# Max Work From Heat Engine Reservoirs

• SevenTacos
In summary, the maximum work that can be extracted from an engine operating between an infinite heat reservoir with temperature Th and a finite cool reservoir with initial temperature Tc0 and heat capacity C is given by W = C (Th ln (Th/Tco)). This formula can be derived by integrating the work equation, dw = C ((Th/Tc) - 1) dTc, from Tc0 to Th.
SevenTacos

## Homework Statement

You have an infinite heat reservoir with temperature Th. But you’ve only got a finite cool reservoir, with initial temperature Tc0 and heat capacity C. Find an expression for the maximum work you can extract if you operate an engine between these two reservoirs.

## The Attempt at a Solution

I've been stumped at this for hours.

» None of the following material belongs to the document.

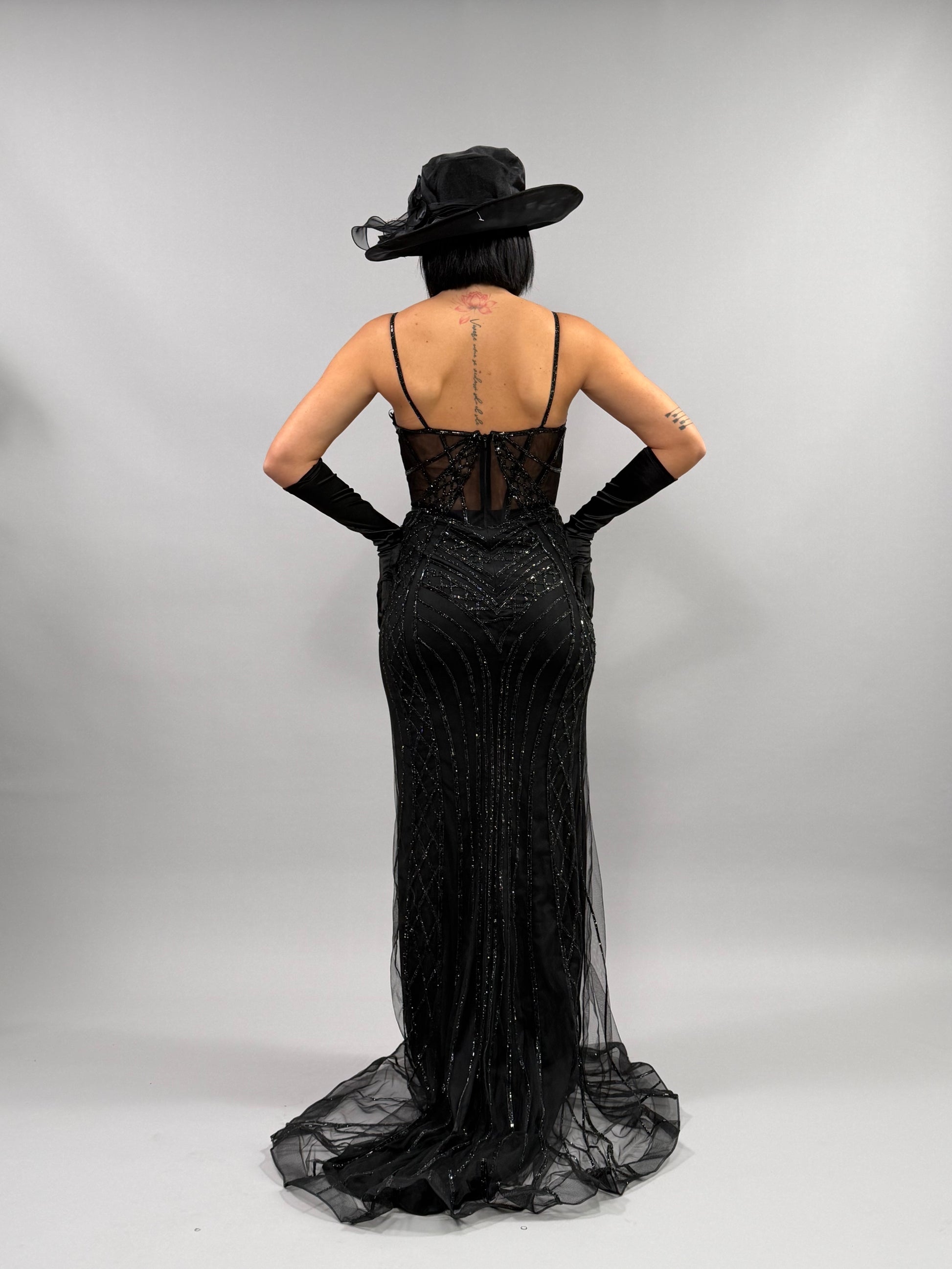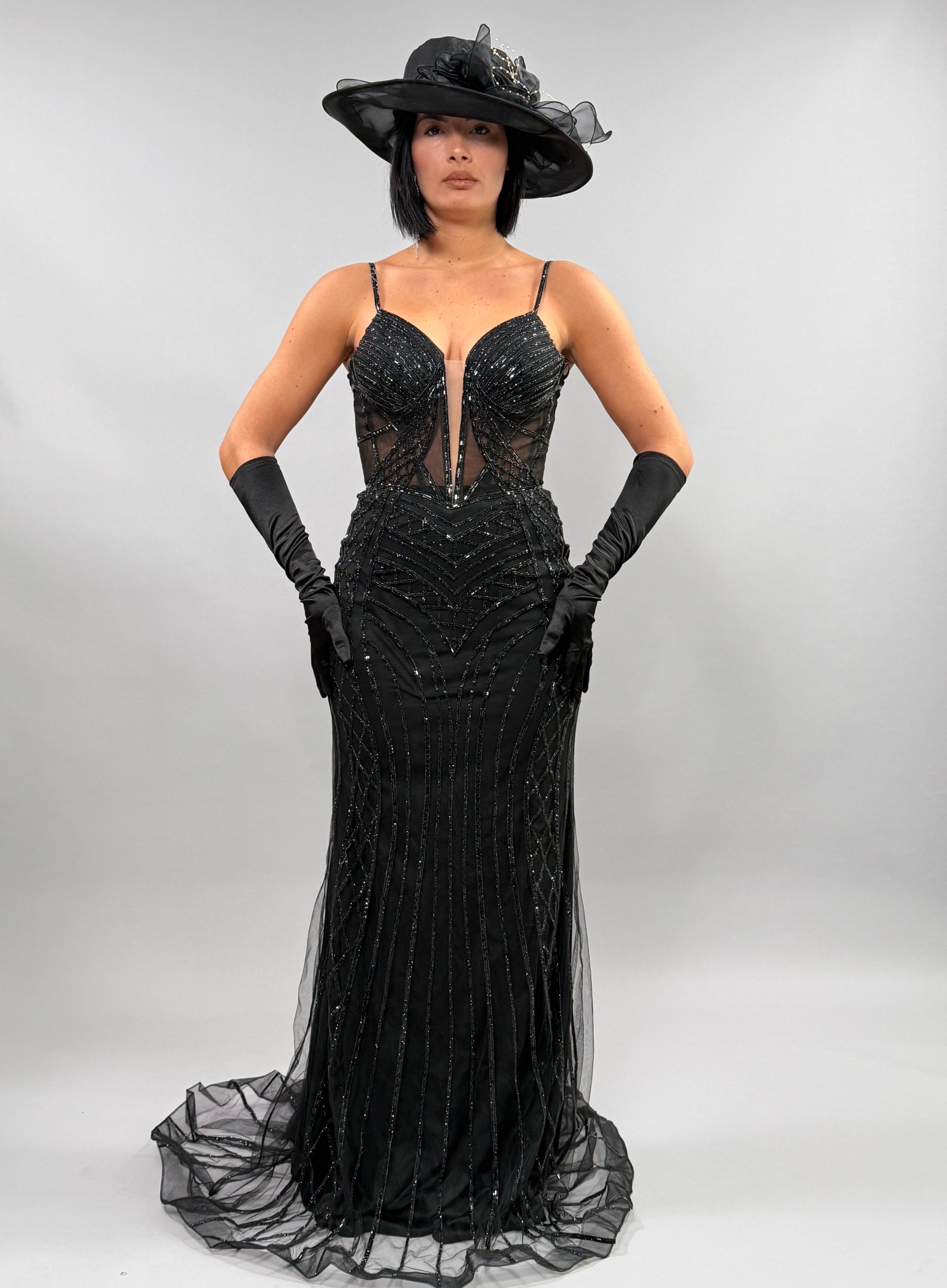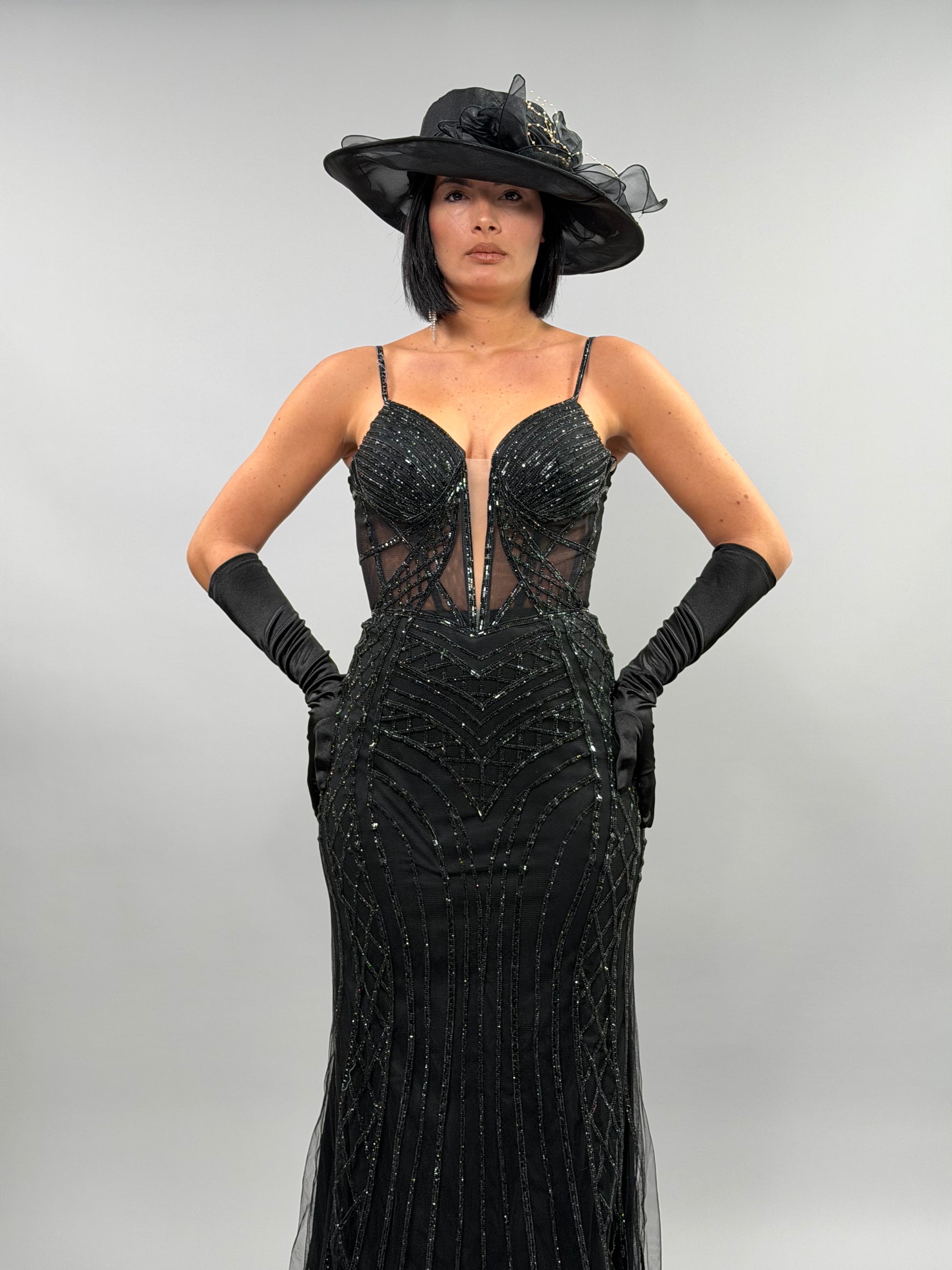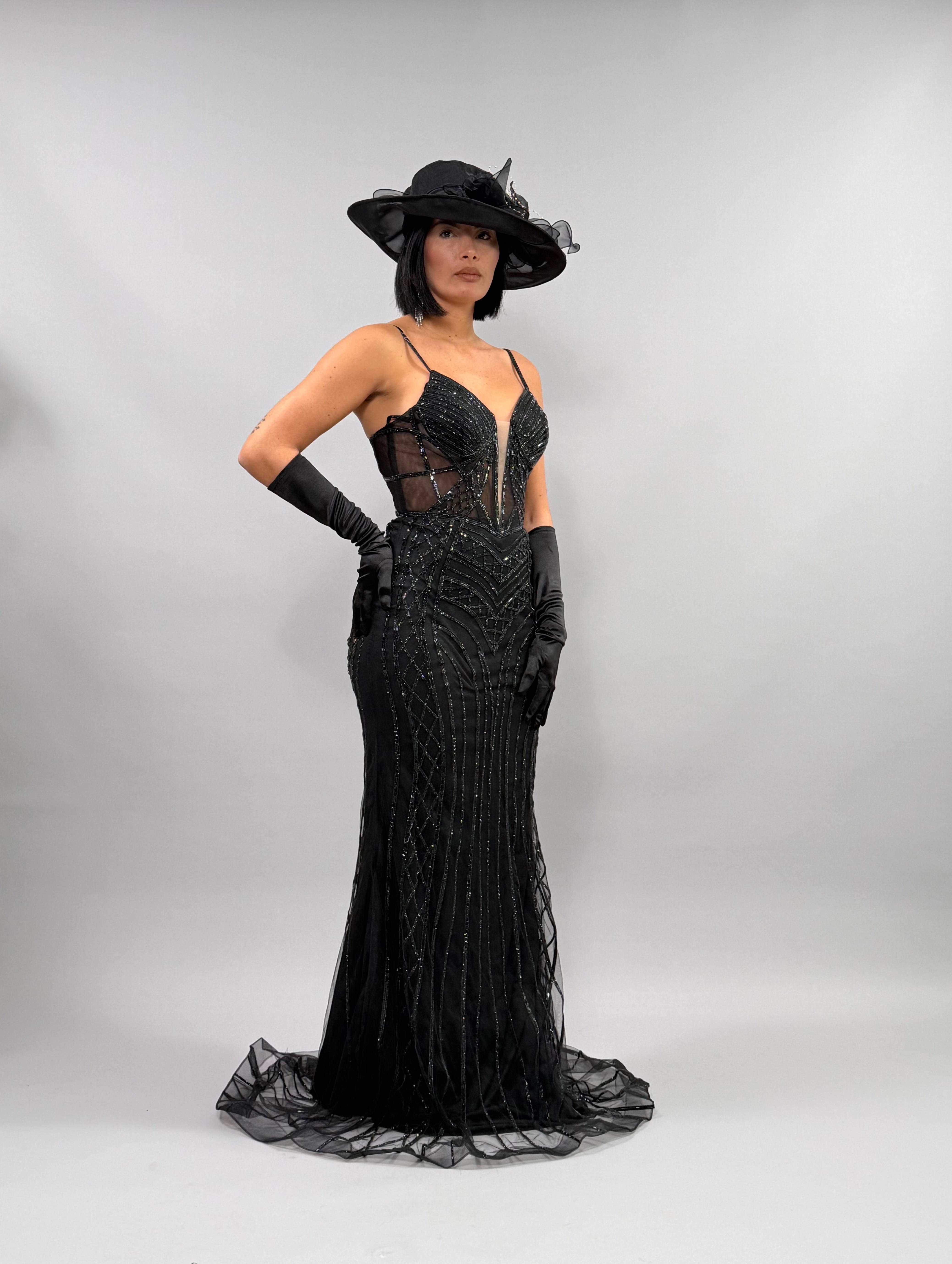 L'Abito Chery è disponibile nelle taglie S, M e L, con la modella che indossa una M e ha un'altezza di 168 cm. Questo abito è accompagnato da un cappello e guanti, offrendo un completo elegante. La coordinazione di questi elementi consente di creare un look raffinato e per occasioni importanti.

I know I simply need to integrate work as dW= dQc + dQh. So i need to define Qc and Qh. Qc = (Cc)(dTc) and Qh= (Ch)(dTh) correct? I am completely at a loss on defining dTc and dTh however. I'm essentially confused because Tc depends on how much energy (q) the engine has deposited into the cold resevoir. When I try to create an equation, I come up with: Tc= Tc0 + (Qc)(C) But to define q, you need Tc. How do you define these variables when they rely on each other? Please Help!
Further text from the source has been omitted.